Heroes or Villains?
When I read a novel or watch a movie, I like the protagonist to be good—morally upright, virtuous, a role model. And I like the villain to be bad—flesh-crawlingly ugly, repulsive, and unlikable. Think of the difference between heroes and villains in Peter Jackson’s portrayal of Tolkien’s characters in Lord of the Rings. Gothmog, the orc-general, flaunts a deformed visage that matches his twisted character. Aragorn, by contrast, is just the kind of king you want to lead you into battle—stately, noble, courageous, yet self-effacing and deeply good.
On the other hand, I don’t like this clear-cut distinction between hero and villain. It seems untrue to real life, unlike the people we know. The people we demonize sometimes surprise us with touches of angelic warmth, even altruism. Likewise, our heroes betray vices that cast clouds over our admiration for them. In the words of Aleksandr Solzhenitsyn, “If only there were evil people somewhere insidiously committing evil deeds, and it were necessary only to separate them from the rest of us and destroy them. But the line dividing good and evil cuts through the heart of every human being” (Solzhenitsyn, The Gulag Archipelago, 1:168).
A Perplexing Tangle
This bizarre duality of good and evil has been described this way: “Is it not clearer than day that we feel within ourselves the indelible marks of excellence, and is it not equally true that we constantly experience the effects of our deplorable condition? What else then does this chaos and monstrous confusion proclaim but the truth about these two states in a voice too powerful to be gainsaid?” (Pascal, Pensées L208/S240).
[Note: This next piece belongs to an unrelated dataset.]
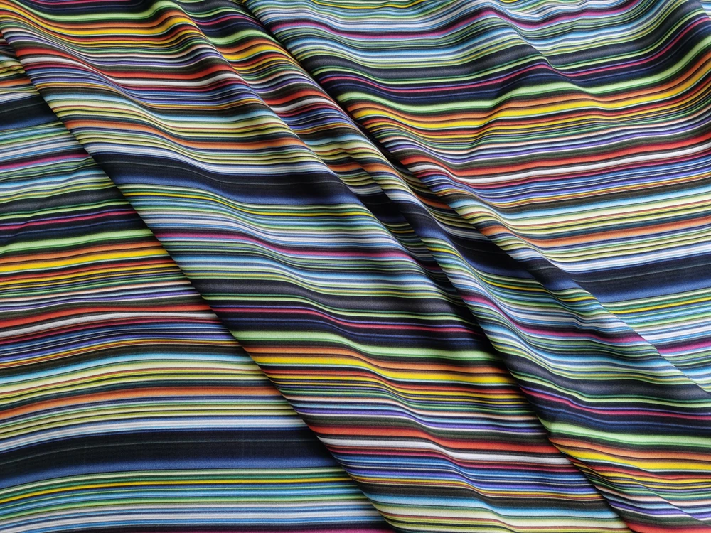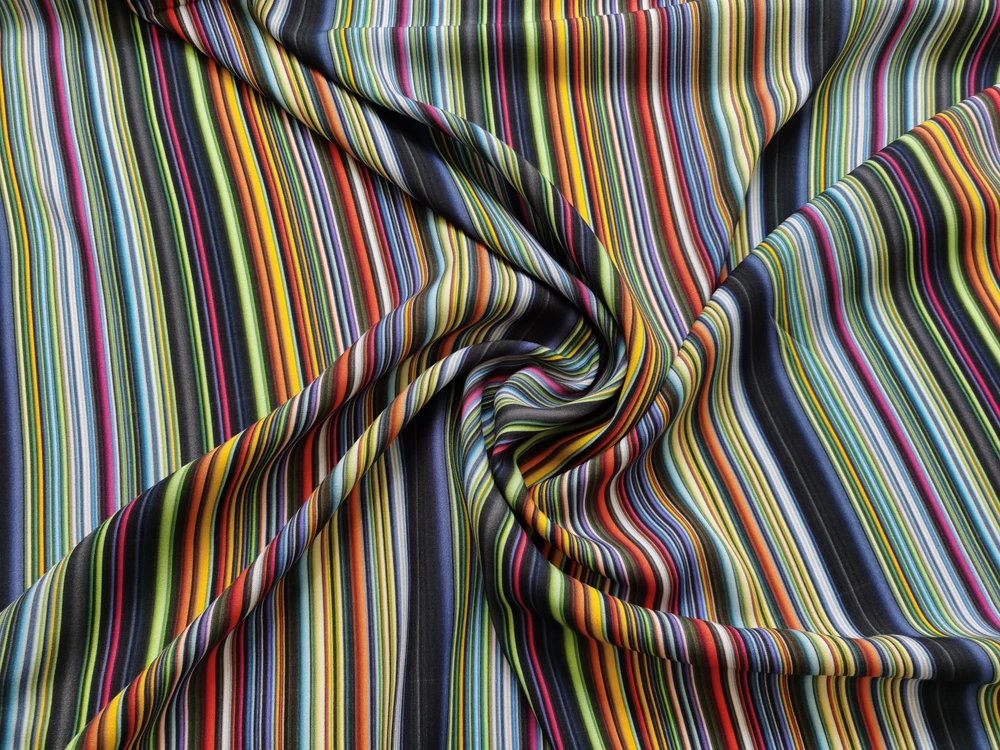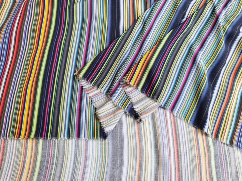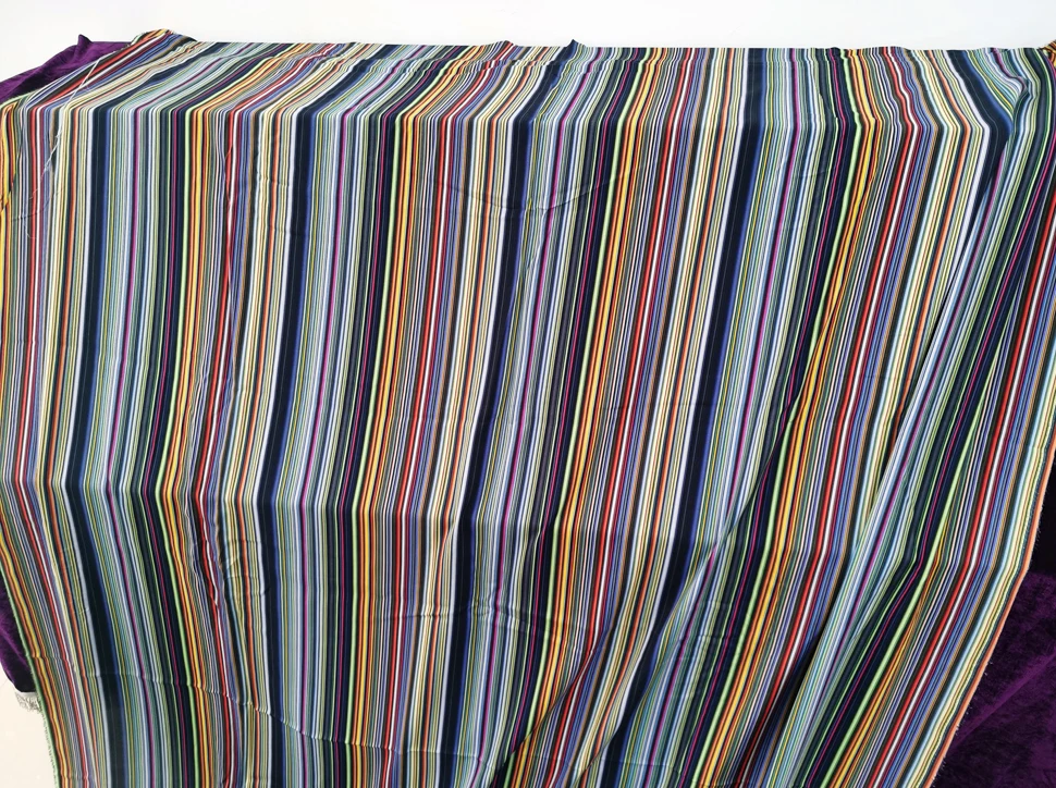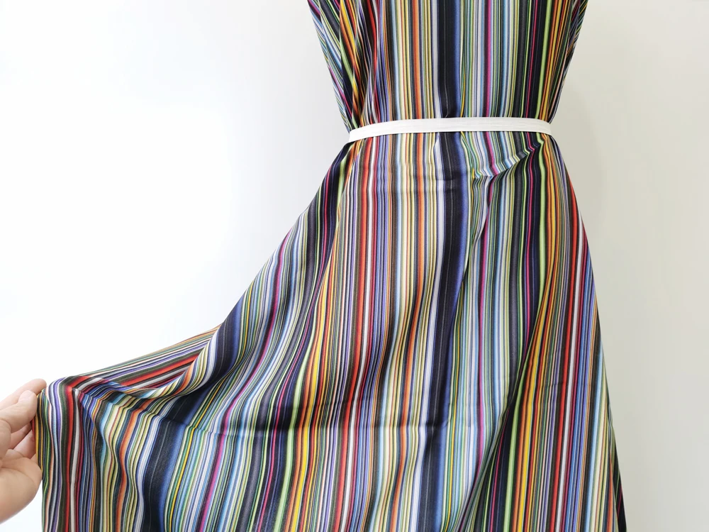 Size: Fabric width: Fixed width 140cm (55"). Length options: 1yard, 2yards, 5yards. Multiple orders will cut one continuous piece. Example: - Order 3 x 1yard = 1 uncut 3yards piece. - Order 3 x 2yards = 1 uncut 6yards piece. - Order 1 x 1yard + 1 x 2yards = 1 uncut 3yards piece. 1)Material:100% Viscose (Rayon) Fabric,55" Wide,Drape,Soft Cold Smoothe Feel And Breathable 2)Style#:BY-CTMC 3)Spec:Medium Thickness 150 g/Yard,Shrinkage Around 10% 4)Design:Digital Print Colored Stripe,Non-transparent 5)Suitable For:DIY Sewing,Shirt,Dress,Robe,Abaya,Qipao,Pajamas,Scraf,Headkerchief,Summer bedding,Children clothing,Handicrafts 6)Washing instructions:It is recommended to use neutral detergent and handwash with water below 30°.

The point is this: we humans are a perplexing tangle of greatness and wretchedness. Wouldn’t it be easier if we could separate the heroes from the villains? But we can’t. Heroism and villainy, virtue and vice, coexist—not only in a single individual at different times, but also in a single individual engaged in one endeavor.
Villainy in Heroism
I found a striking example of this feature of human nature in Max Hastings’ remarkable history of World War II, Inferno: The World at War, 1939-1945. During the Germans’ bombing of London, a man named Bob Davies distinguished himself as a national hero for volunteering to undergo the life-threatening task of diffusing and extracting German bombs that had fallen in London, including one that had embedded itself 28 feet into the ground dangerously close to St. Paul’s Cathedral. But less than two years later, as Hastings writes, “Davies was court-martialed on almost thirty charges involving large-scale and systematic theft through his time in charge of his UXB squad; he also exploited his role to extract cash payments from some of those whose premises he saved from bombs, compounded by later passing dud cheques.”
Hasting’s assessment of Davies’ conflicted behavior reflects this paradox of human nature. “A lesson of his story,” Hastings concludes, “was that scoundrels as well as heroes played their parts in the blitz, and some people were a tangle of both.”
We Are Sinful Image-Bearers
Doesn’t this fit what Scripture teaches about the human condition? We were created in the image of God, which means at least that we have some capacity to reflect God’s good nature. So we can expect to humans—sometimes, at least—to act in ways that are surprisingly noble and selfless. But our having been created in God’s image is only part of the story. We have fallen into sin. We have a stubborn, inborn tendency to rebel against God, acting as if we are the center of the universe. So this mixture of virtue and vice is like a shattered vase. The smooth curves and jagged edges of the broken pieces don’t balance each other out. They tell the tragic story of the beauty and usefulness that should have been.
But the story doesn’t end with senseless shapes and shattered edges—humans who live in rebellion against God. Christ the God-man lived in perfect submission to God (John 8:29). He is the “express image of [God’s] person,” the true Hero unmixed with villainy.
Perhaps this is why I feel so conflicted about how novels and movies should portray their fictional characters. On the one hand, I want the characters to reflect the messy reality of my experience. On the other hand, I long for that inward sense of justice to be satisfied by the villain being portrayed as pure evil and the conquering hero as pure goodness.
There is such a hero, but He is no fiction. His name is Jesus.